Despite its eccentricity, fancy dress has often been taken very seriously. Wilson takes the reader on an entertaining journey through the commitments made – both financially and imaginatively – by those adopting the guise of fictive and fairy-tale characters, historical figures, animals, puns, seasons, celebrities, inanimate objects and more. Balls held in the late 19th and early 20th centuries often offered substantial prizes. In 1895 one lucky attendee dressed as ‘Our Back Garden’ won a solid-silver coffee service worth £60 at an event in Covent Garden. Fancy dress was also a surreal barometer of the times. With the passing of the act to introduce the modern state pension in 1908, a float at a Somerset carnival that year featured ‘Old Age Pensions – Before and After’: shivering elderly workers contrasted with a happy couple in their snug cottage. No event seems too big or small to have gone unnoticed – or uncostumed. Post Wall Street crash, people dressed as pawnshops. After the Second World War, a Colorado Beetle Exterminator appeared in a parade in Randalstown, Northern Ireland, referring to the suddenly widespread potato-crop pest. The growing popularity of products including Ovaltine and Odol toothpaste didn’t escape attention either, the latter appearing illustrated in 1940s catalogue Weldon’s Fancy Dress for Children as a nautical pyjama get-up complete with swishy red, blue and white trousers.

These costumes are also testament to the lengths that people will go to entertain themselves. Take a step back from the chapter on tableaux – elaborate ‘living statue’ arrangements popular during the Victorian and Edwardian eras – and there is something hilarious in the fact that all it took to wow a crowd was dressing up a bunch of children and then making them stand very, very still. Wilson notes in her opening sentence that this book has ‘taken a long time to write because in the process I have done more laughing than writing’. The reader will be inclined to laugh too, sometimes at the superb silliness that can be achieved with plastic and pins, sometimes at the sight of a group of fully grown men crouched low to the ground, disguised as a cast of mushroom-like crabs.

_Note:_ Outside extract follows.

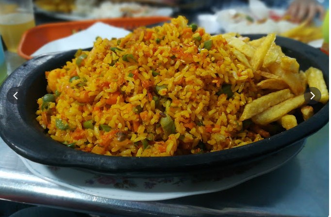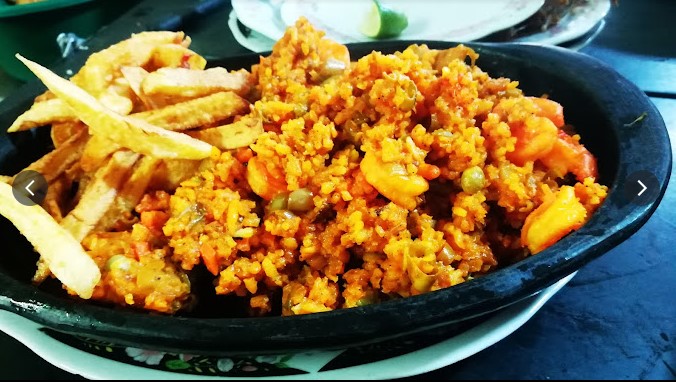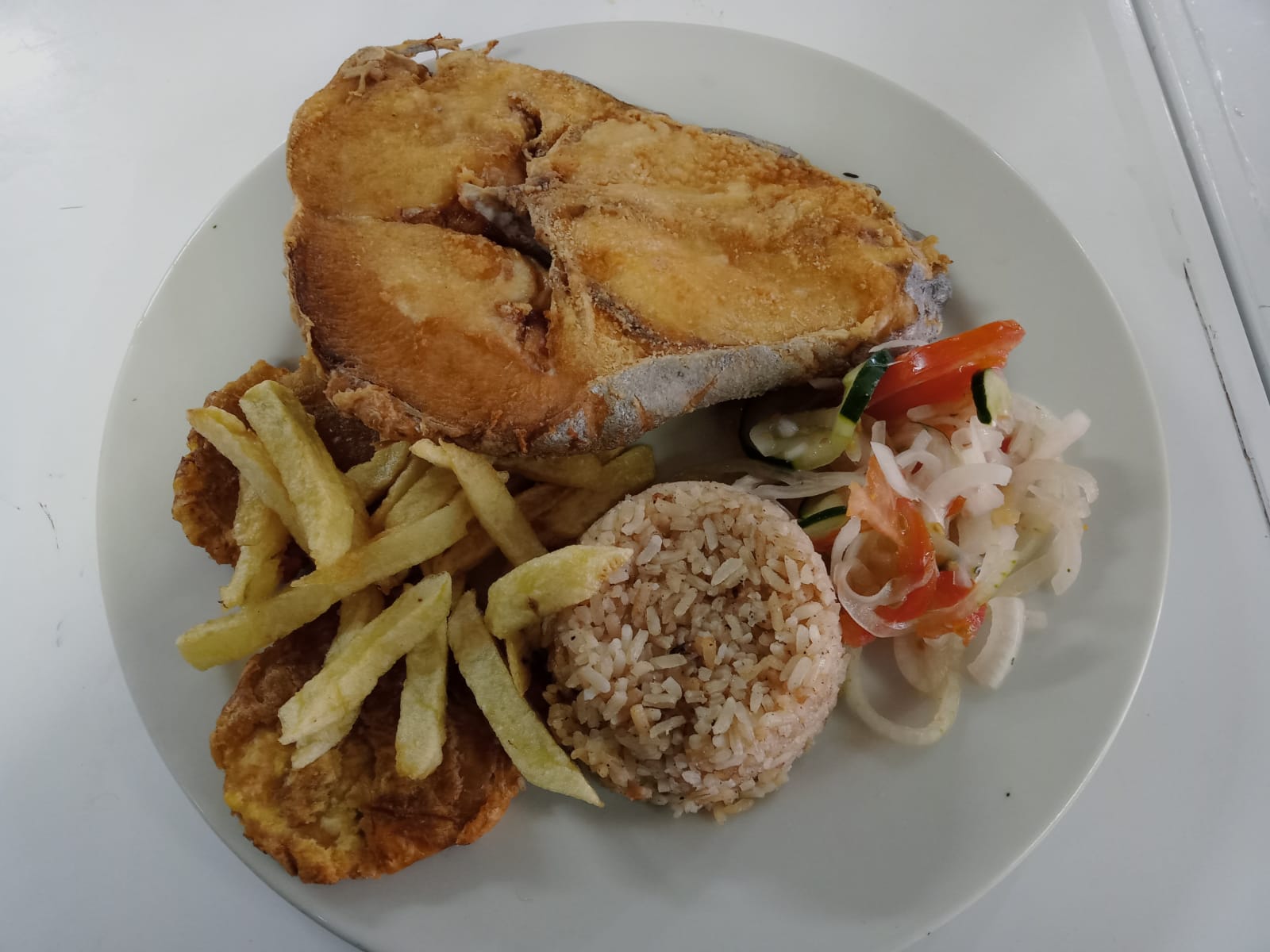 Papa francesa, patacón, ensalada de tomate y cebolla, sancocho de pescado y arroz a elección.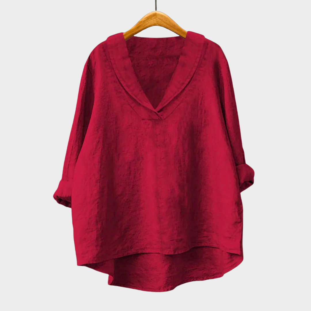 Rozlúčte sa s lepivými, tvrdými a priliehavými blúzkami – tento model s voľným strihom je navrhnutý tak, aby vám umožnil dýchať, pohybovať sa a žiariť. Vďaka mäkkej bavlne a otvorenému výstrihu prináša bez námahy eleganciu pri každom nosení. Od pomalých rán po vianočné večery, toto je vaše každodenné útočisko v pohodlí a tichom sebavedomí.

However, it’s not all merriment. As Wilson notes, the history of fancy dress is not just liberatory, but also, often, a history of conservative, anti-union, racist ideas. Although dress up can offer an amusingly topsy-turvy anarchy when it comes to the upending of class and gender, it has also been the vehicle for reinforcing those same categories. Wilson does not shy away from the murkier reaches of Britain’s fancy-dress history, including blackface and KKK costumes. There is also a great degree of what might now be regarded as cultural appropriation: from the stock figure of the ‘Red Indian’ to the obsession with ‘orientalism’ in the early 20th Century.

At times, one hopes for a little more of the personality expressed in Wilson’s opening sentence. It’s unfair to fault the book for fidelity to the facts, but with a topic as rich and silly as this, one occasionally wishes for a little more in the way of play. Writing at one point about a photo from the 1920s of an all-female group dressed as cowboys and pierrots, Wilson asks, ‘Who were these women? Did they work as shop assistants in the big Oxford Street stores? Were they dressing up in their lunch hour, carefully removing their smart work clothes and donning chaps?’ Beneath the hats, or the harlequin patterns, or the crêpe cherry-bun bosoms, there are people temporarily entering the world of make-believe. Their caprice and creativity, their motivations for glueing insects on to a dress or posing proudly for the camera in the guise of a clown, are just as interesting as the costumes themselves.

Dressing Up: A History of Fancy Dress in Britain by Verity Wilson is published by Reaktion.